As the last remnants of snow are washed from the hills by spring rain a waiting game begins, the hunt for gaps in the weather. They just need to be long enough to sneak an adventure up an out of the city, into the mountains.
It’s spring in Innsbruck and the lure of the stunning peaks that tower over the city are impossible to ignore. A break in the drizzle and fog coincided with a day off for photographer Georg Lindacher and his friends so they decided to head to the mountains for a hike, slackline and weather permitting overnight adventure to enjoy the sunrise.
One of the joys of Innsbruck is that you don’t need a car to escape, you just walk out of your front door and within 15 minutes you are alone in the hills. So the biggest challenge is packing the right gear for the trip. First you need a dog with boundless energy to set the pace, second on the list is footwear, so proper boots and decent socks. Then the staples: Tent, sleeping bag, stove, food and water and finally of course some decent layering. Unpredictable spring weather and climb of over 2000 metres means you need something light, warm and breathable. In essence you need something very versatile and that is where merino wool comes into its own.

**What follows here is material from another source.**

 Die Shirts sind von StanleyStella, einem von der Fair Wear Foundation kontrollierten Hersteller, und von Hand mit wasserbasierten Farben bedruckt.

The valleys steep sides carry you quickly above the city, through the high summer grazing land, past huts and eventually to the edge of the tree line and the south facing slopes of the Achselkopf, the perfect spot for some scenic slack lining and lunch in the sun.

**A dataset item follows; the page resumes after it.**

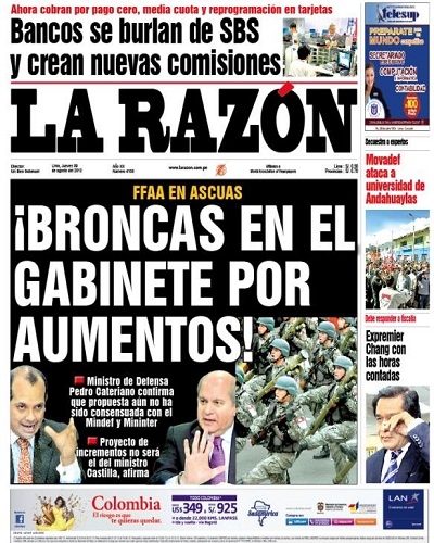 Cerramos este recuento de los vespertinos más importantes con La Razón. El titular del ministerio de Defensa, Pedro Cateriano, respondió los cuestionamientos contra su labor por el pedido de facultades del Poder Ejecutivo para legislar la remodelación institucional de su portafolio y el del Interior. “A aquellos que estuvieron sentados en mi despacho, que ahora son críticos, ¿por qué no lo hicieron? Si era tan fácil la solución, ¿por qué no se adoptó?”, dijo el funcionario en rueda de prensa, rechazando además una posible militarización del plan político del Ejecutivo.

But with cloud gently gathering the crew decide to crack onto the step of the Brandjochboden where they could pitch tents and dump packs before carrying on up to the summit of the Brandjochspitze at 2559m for sunset.
A temperature swing of more than 20˚C through the day is exactly what the Mons adventure range was designed for, it’s stylish gear that lets you slip unnoticed out of the city and yet keeps you dry, warm and fresh after a day of grinding uphill to an alpine summit. With
But sunset from the peak was in the words of The Bear “just the lemon next to the pie’ compared to the sunrise. It was made all the more special with the inversion, that by obscuring Innsbruck gave the impression that this was a private viewing.